++++ DATA IN THIS EXERCISE

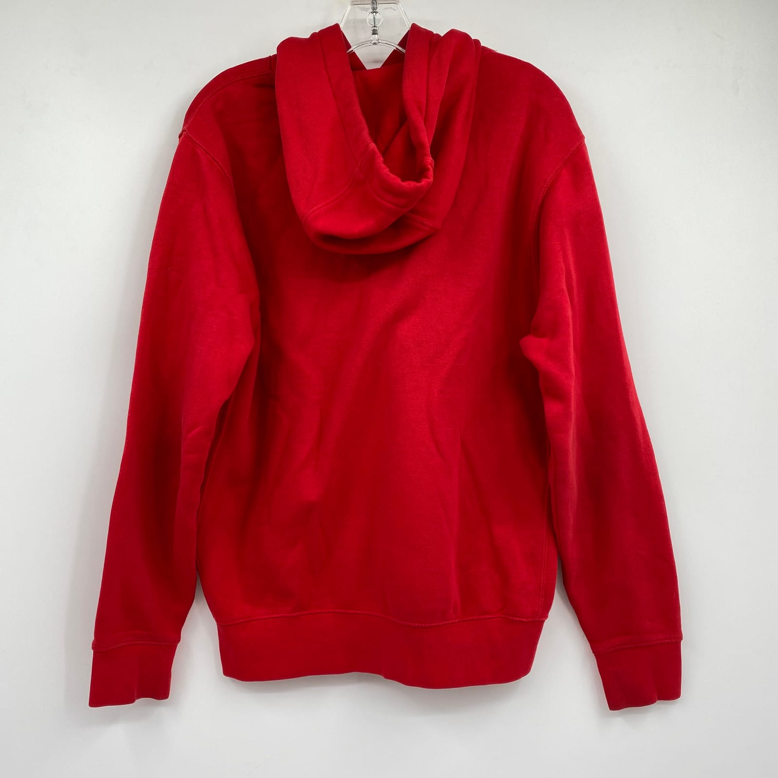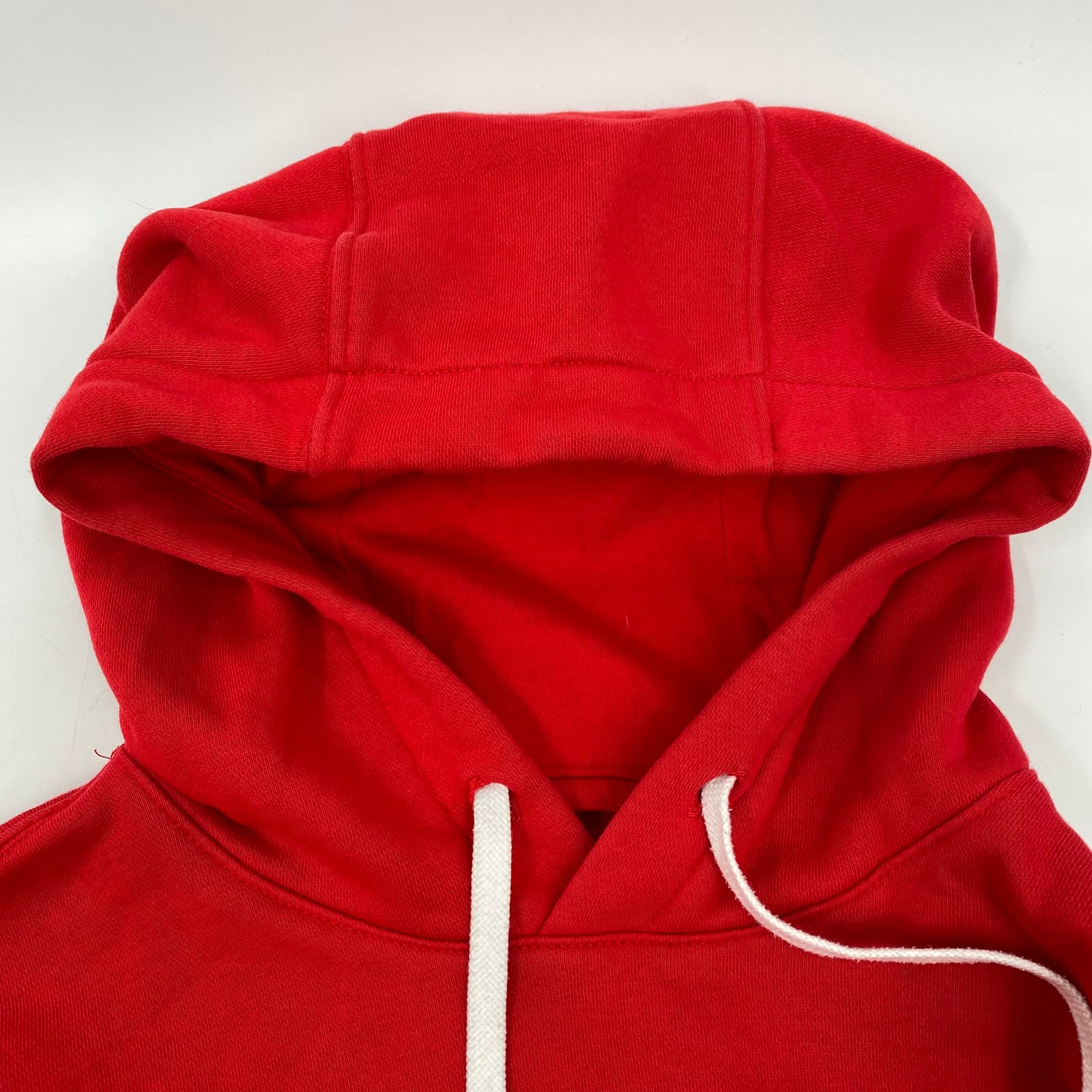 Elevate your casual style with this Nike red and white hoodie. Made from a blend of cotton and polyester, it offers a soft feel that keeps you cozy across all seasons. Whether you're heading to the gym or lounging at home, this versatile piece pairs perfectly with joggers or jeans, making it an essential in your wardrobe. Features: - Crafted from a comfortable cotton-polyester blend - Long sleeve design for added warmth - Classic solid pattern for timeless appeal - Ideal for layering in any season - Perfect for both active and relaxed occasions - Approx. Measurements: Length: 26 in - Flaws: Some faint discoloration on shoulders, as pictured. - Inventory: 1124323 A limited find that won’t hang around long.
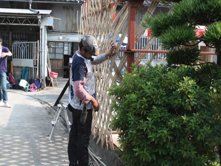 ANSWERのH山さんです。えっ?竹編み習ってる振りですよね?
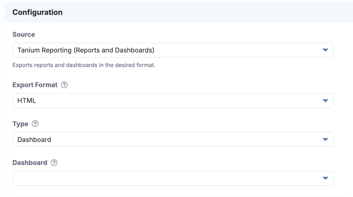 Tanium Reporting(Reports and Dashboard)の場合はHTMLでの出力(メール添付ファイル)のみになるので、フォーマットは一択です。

++++++++
++++ DATA IN THIS EXERCISE

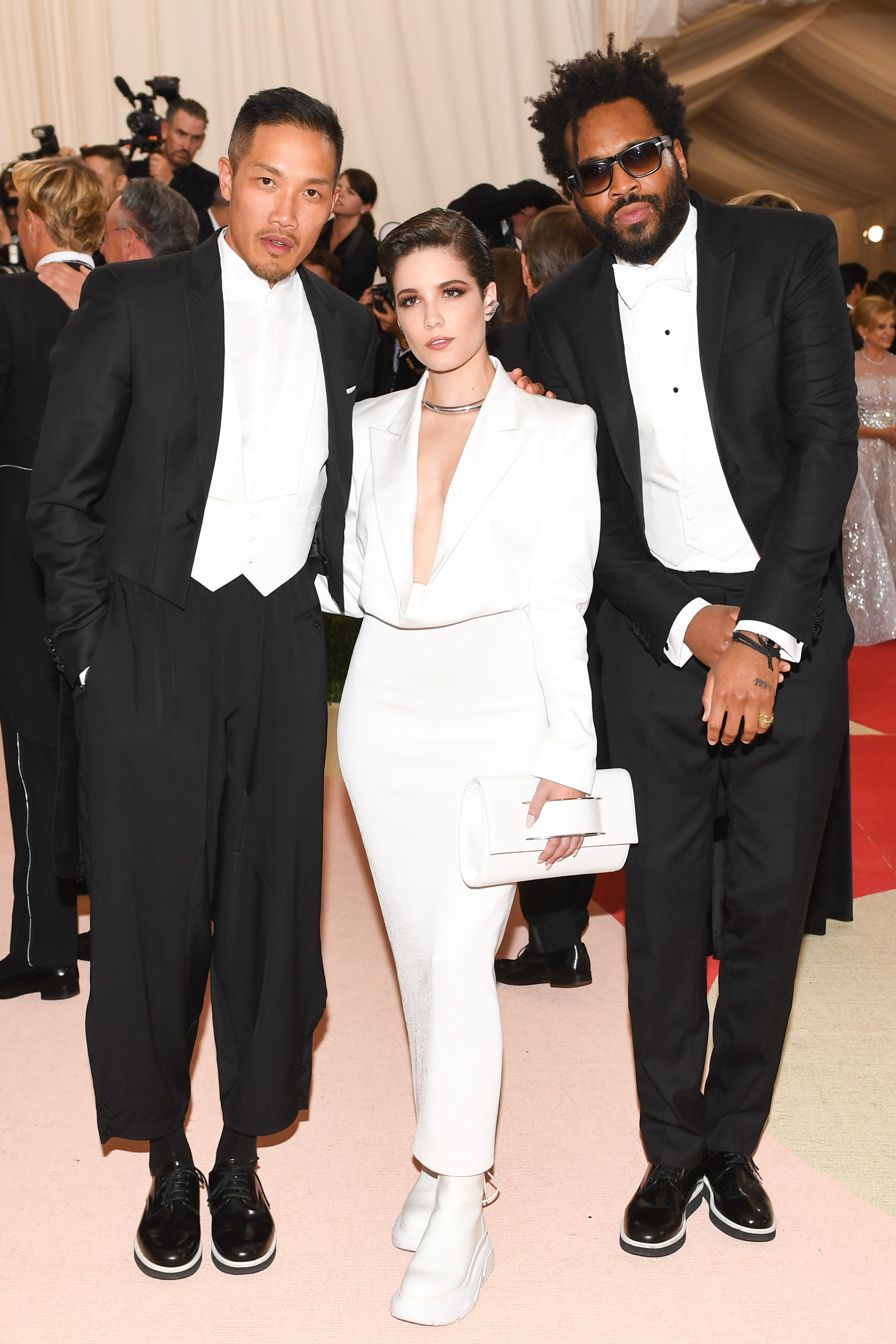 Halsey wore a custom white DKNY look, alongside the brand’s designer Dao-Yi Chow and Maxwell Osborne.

++++++++

• ACTIVITY:
I'd like the lines above repeated exactly, from the one that contains "Elevate your casual" through the one that contains "Tanium Reporting(Reports and", with no pictures.

• RESPONSE BOX:
 Elevate your casual style with this Nike red and white hoodie. Made from a blend of cotton and polyester, it offers a soft feel that keeps you cozy across all seasons. Whether you're heading to the gym or lounging at home, this versatile piece pairs perfectly with joggers or jeans, making it an essential in your wardrobe. Features: - Crafted from a comfortable cotton-polyester blend - Long sleeve design for added warmth - Classic solid pattern for timeless appeal - Ideal for layering in any season - Perfect for both active and relaxed occasions - Approx. Measurements: Length: 26 in - Flaws: Some faint discoloration on shoulders, as pictured. - Inventory: 1124323 A limited find that won’t hang around long.
 ANSWERのH山さんです。えっ?竹編み習ってる振りですよね?
 Tanium Reporting(Reports and Dashboard)の場合はHTMLでの出力(メール添付ファイル)のみになるので、フォーマットは一択です。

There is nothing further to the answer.